In recent years, a reduction in weight and thickness has been strictly required for batteries as a power supply for portable devices and the like. Thus, in regard to materials used to cover the batteries, laminate films capable of a further reduction in weight and thickness have been used more and more instead of conventional metal cans in which there is a limit to weight and thickness reductions. This laminate film which can be freely formed into different shapes, compared with a metal can, comprises a thin metal film or a laminate of a thin metal film and a heat-seal resin film.
As a representative example of a laminate film used for materials used to cover the batteries, there is a three-layer laminate film that has a heat-seal resin film, which is a heat seal layer, laminated on one side of an aluminum thin film, which is a thin metal film, and a protection film laminated on the other side.
Generally, in a film-covered battery which uses a laminate film for a covering material, a battery element comprising a positive electrode, a negative electrode, an electrolyte and the like is hermetically sealed (hereinafter simply called “sealed”) by covering the battery elements with the covering material in such a manner that heat-seal resin film is positioned inside, and by heat-sealing the covering material around the battery element.

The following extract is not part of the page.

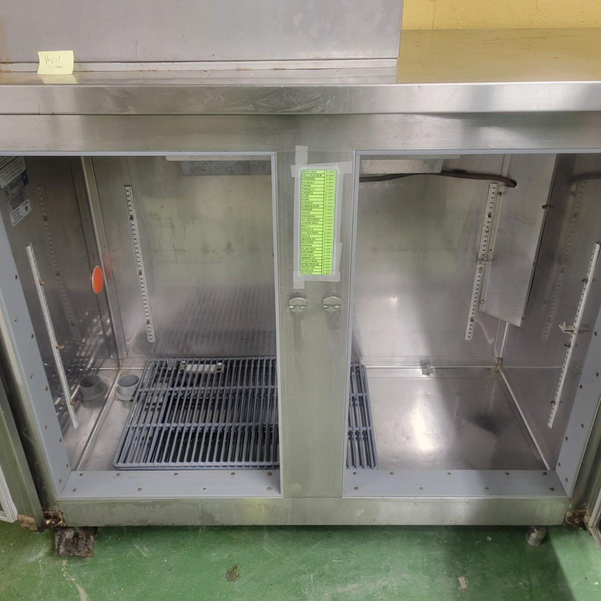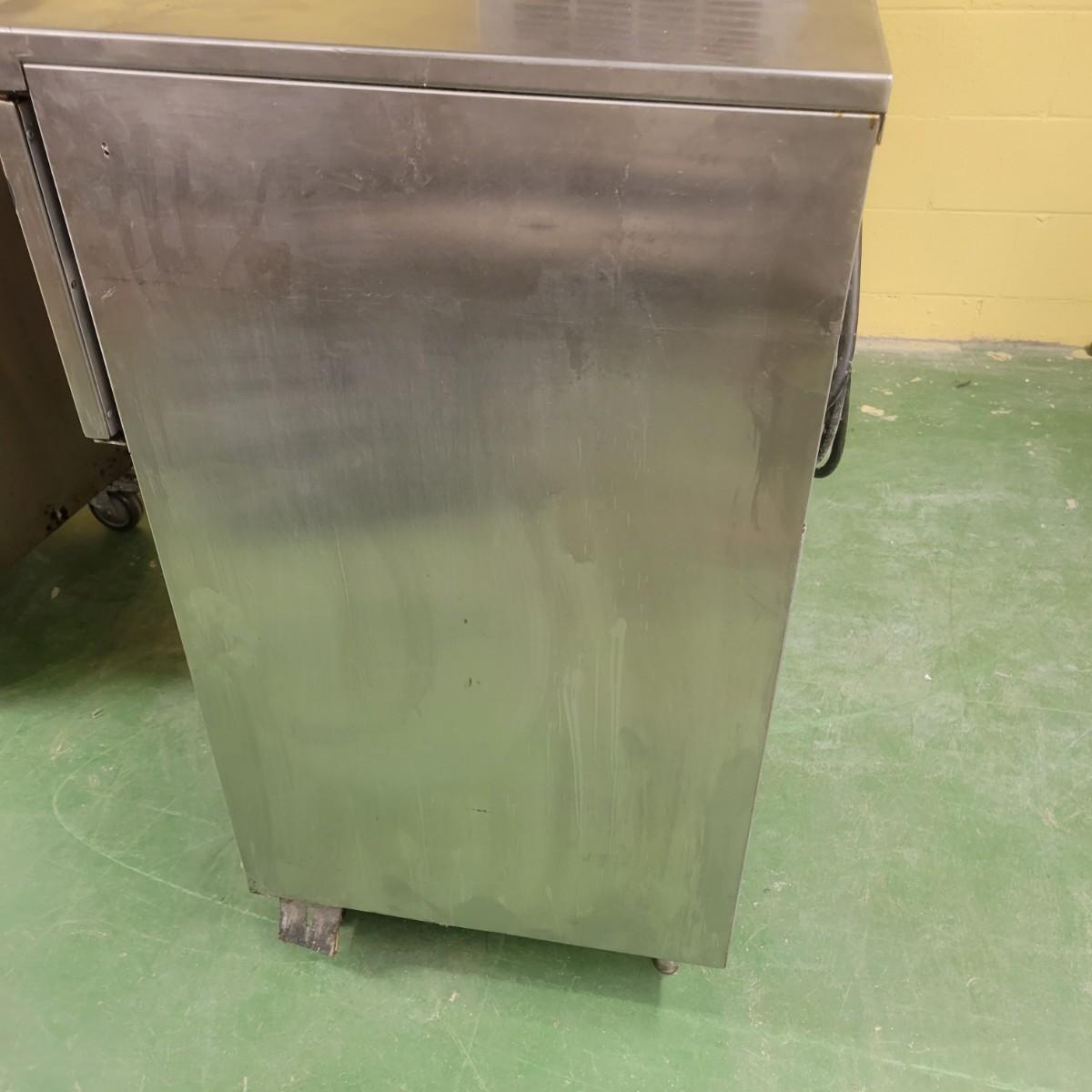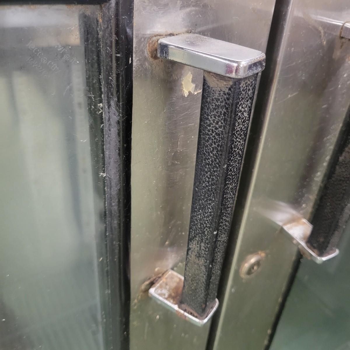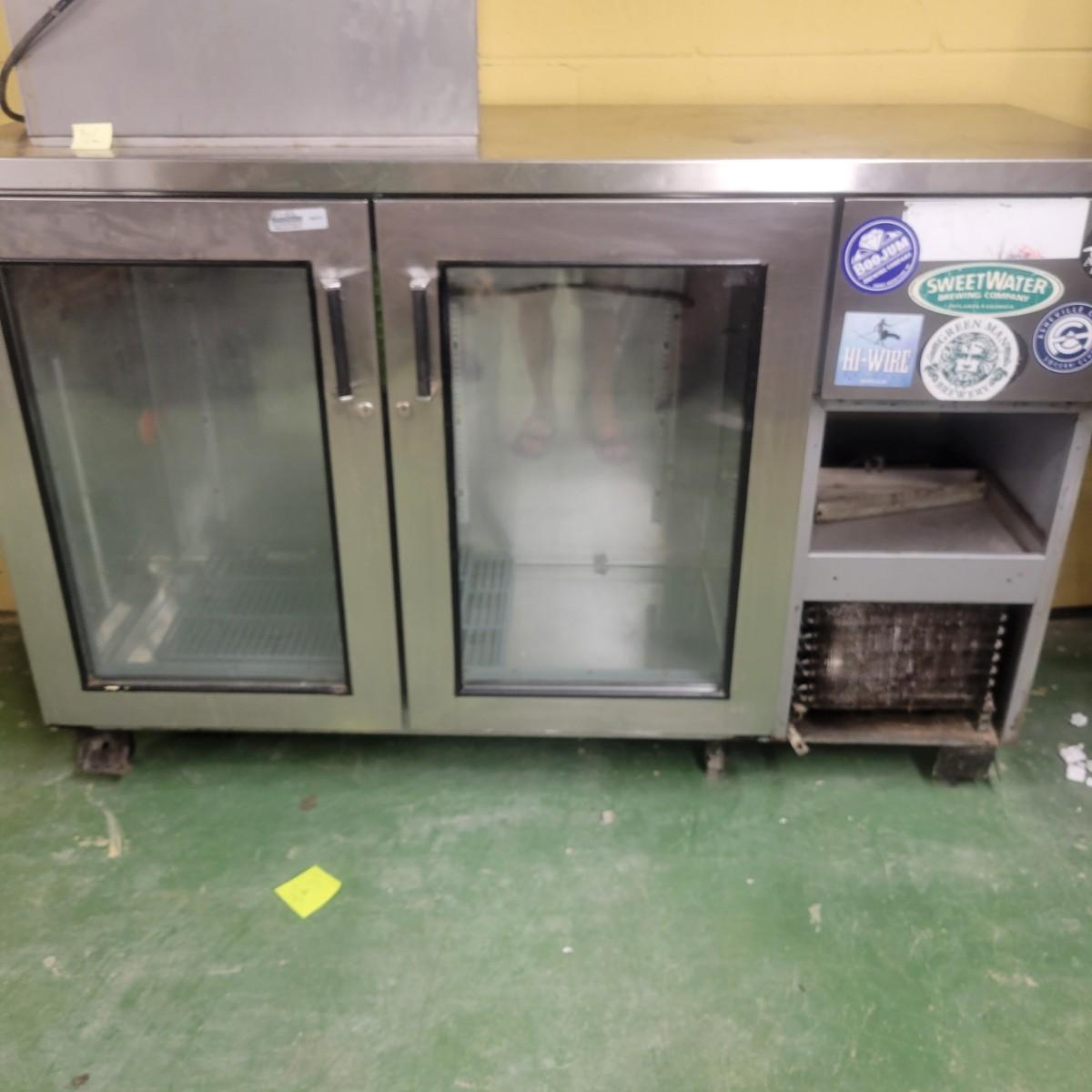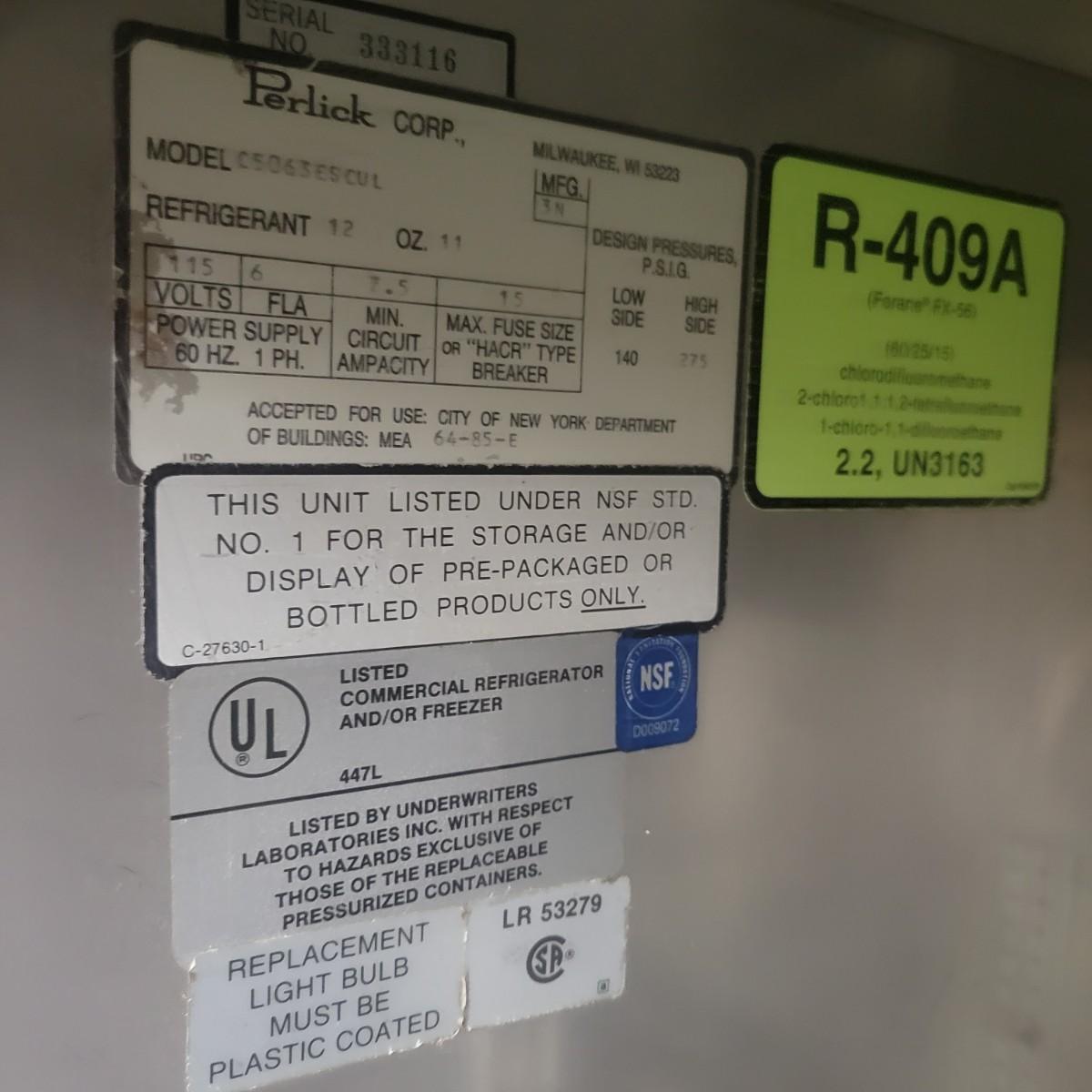 Perlick commercial refrigerator in functioning condition as it has been used in a professional kitchen for years. Item could not be tested, but consigner stated that it works. Structurally sound, but does have a variety of cosmetic blemishes. Some rust, holes in the stainless steel top from where taps were installed and stickers. One handle is bent, see attached pictures. Includes 3 coated wire shelves. Two door refrigerator area measures approximately 43" x 17" x 32" and the door openings measure approximately 18" x 29". Whole unit measures approximately 64" x 24" x 42". Item on top of refrigerator is not included, but is for sale in the auction. This is a large heavy piece and will require help to load. Unit does not have wheels. There is easy access to load this item into your vehicle through a door in the room it is located in to the parking lot. It will not have to be moved up or down any stairs. Local pickup only

Polyethylene or polypropylene, for example, is used for the heat-seal resin film, while a nylon film or a polyethylene terephthalate film, for example, is used for the protection film.

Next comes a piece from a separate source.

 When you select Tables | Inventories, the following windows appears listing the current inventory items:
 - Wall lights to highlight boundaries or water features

For reference, as a battery element, other than chemical batteries such as a lithium battery, a nickel hydrogen battery and the like, those having a charge accumulating function such as a capacitor also use laminate film as a covering material.
In a film-covered battery, lead terminals are connected to a positive electrode and a negative electrode of a battery element, respectively, for leading the positive electrode and negative electrode to the outside of the covering material to extend these lead terminals from the covering material. The lead terminals are connected to the battery element by ultrasonic welding or the like before the battery element is sealed. Also, the battery element is sealed by sandwiching the battery element with two sheets of covering material, and by heat-sealing the covering materials along the peripheral edge. The covering materials are heat-sealed by first heat-sealing three sides of the covering materials for formation into a bag. Subsequently, air is exhausted from the interior of the covering materials to produce a vacuum inside the covering materials, the covering materials are brought into close contact with the battery element by atmospheric pressure, and the one side that remains is heat-sealed in this state.

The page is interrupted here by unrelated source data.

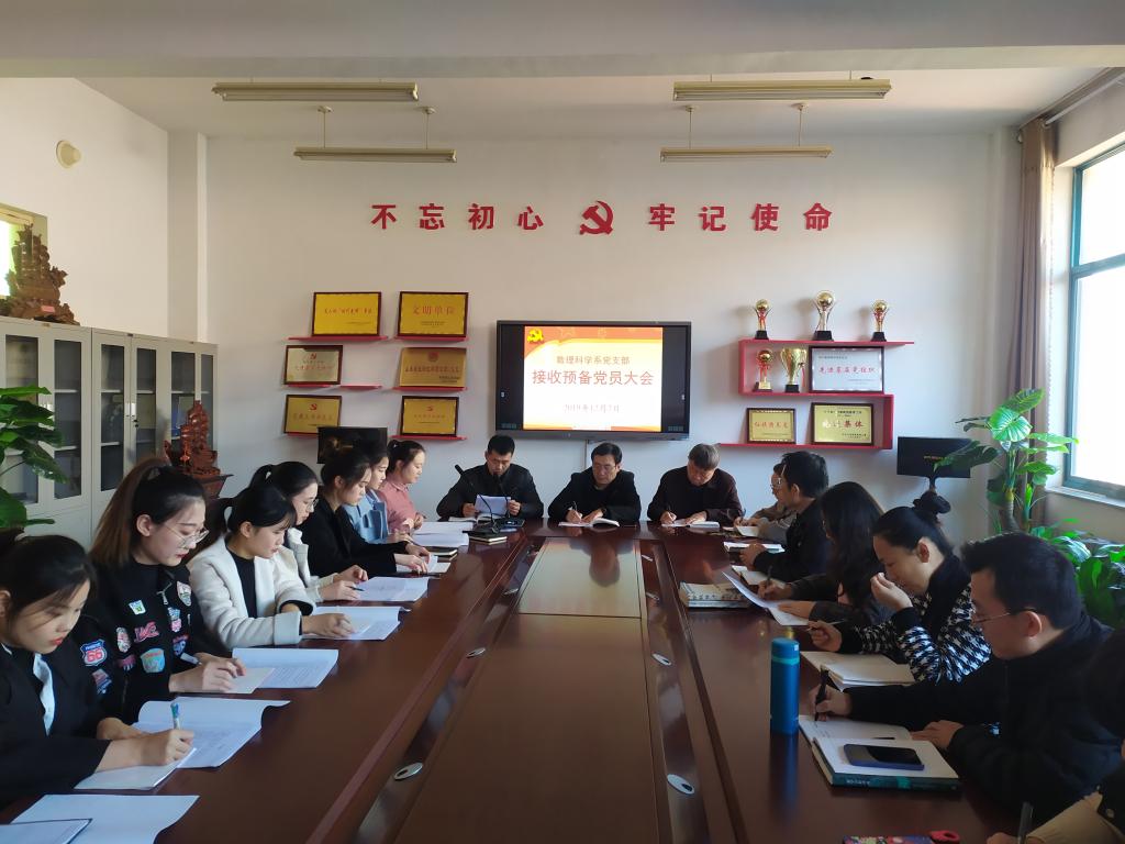12月2日下午,系党支部在党员活动室召开了2019年接收预备党员大会,讨论表决13名发展对象的组织发展。系党支部全体党员、发展对象、入党积极分子代表参加了会议。
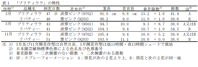 高温期に開花遅延及び花弁の退色が起こるため、10月から6月の開花作型が適する。 |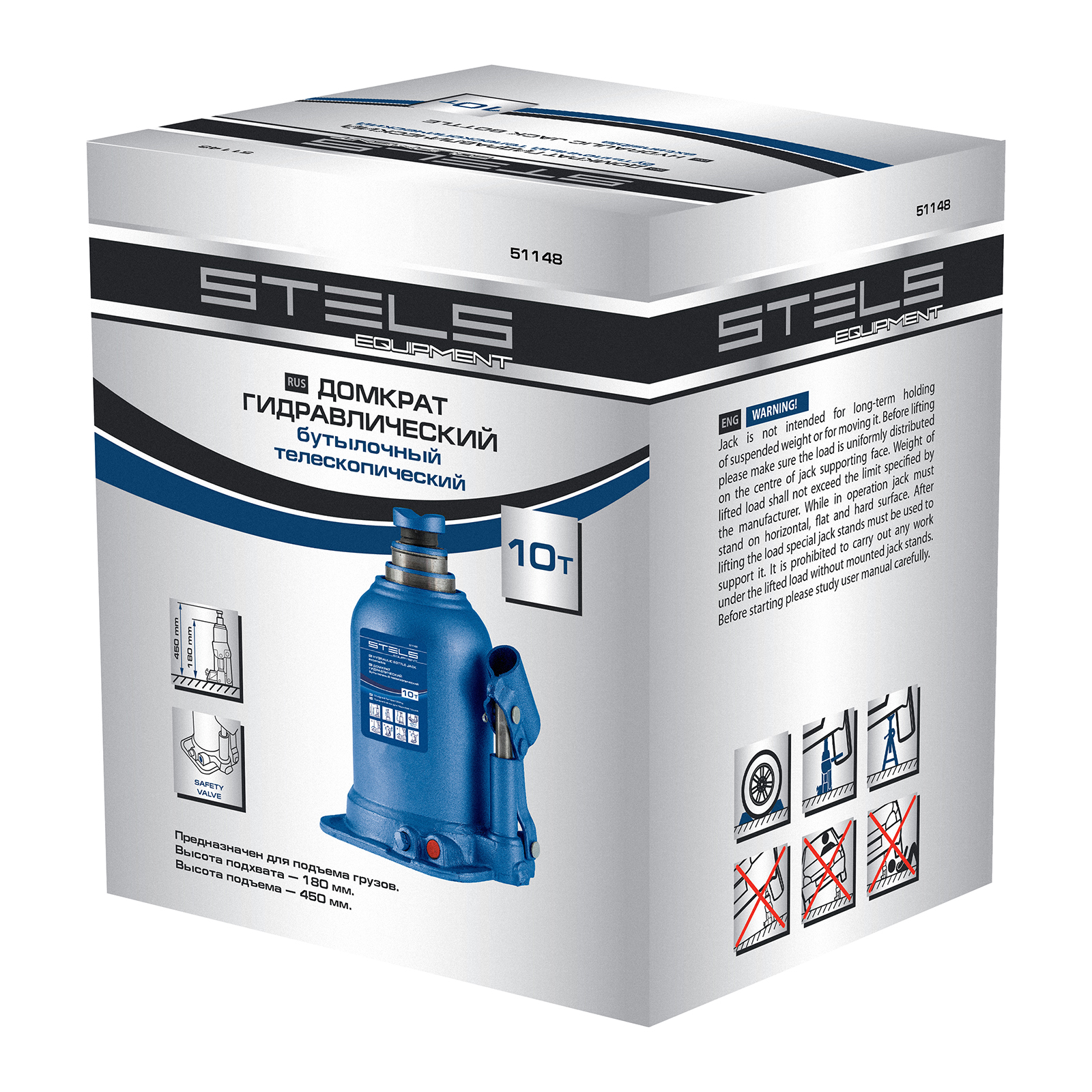 Гидравлический бутылочный телескопический домкрат Stels 51148 используется для поднятия грузов весом до 10 т с на высоту 180-450 мм. Не требует больших усилий и оптимален для автомобилей с большим клиренсом. Домкрат можно использовать в гараже для самостоятельного ремонта машины или в автосервисе для решения профессиональных задач.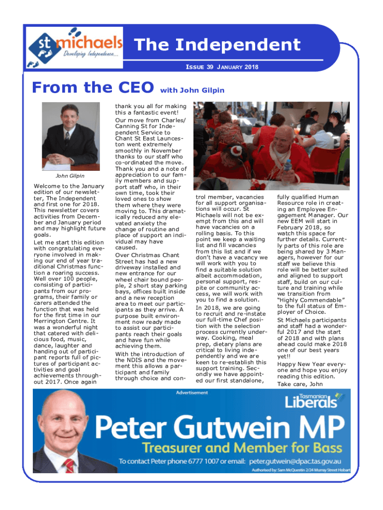 The Independent www.stmichaels.as n.issue 39 JANUARY 2018From the CEO John GilpinWelcome to the January edition of our newsletter, The Independent and first one for 2018. This newsletter covers activities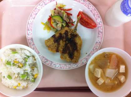 7月13日(金)の給食 公開日 2012/07/13 更新日 2012/07/13 給食 枝豆とコーンのご飯 アジフライ トマト カラフルソテー 味噌けんちん汁 牛乳 今日は、アジの開いたものを魚屋に注文し、フライにしました。アジの旬は5〜7月にかけてです。今日は長崎県産のアジを使っています。また、カラフルソテーは、赤・黄・緑の3色のピーマンとズッキーニを使った炒め物でした。味つけは、塩胡椒・しょうゆ・オイスターソースです。彩りのきれいな炒め物でした。 いいね(0)

When the battery element has a certain degree of thickness, the general approach is to form one of the covering materials into the shape of a collared container shape by deep-draw molding, such that the battery element is readily received therein, cover the covering material formed into the container shape from above the battery element, and join the collar by thermal fusing.
For preventing external moisture and the like from being introduced into the film-covered battery and to prevent the electrolytic solution and the like within the film-covered battery from escaping to the outside, a thin metal film of aluminum or the like is used in the covering film as a barrier layer, but the heat-seal resin film layer is exposed along the edge of the joint section around the battery element, causing a leak path based on the molecular transport phenomenon of the resin itself. Therefore, to improve the reliability of sealing for the film-covered battery, the leak can be reduced by increasing the width of the joint section to extend the transmission path and to increase the resistance, however this causes the problem that a larger projection area of the film-covered battery. Thus, JP-A-2002-25514 proposes a reduction in projection area by folding a joint section toward a battery element receiving section.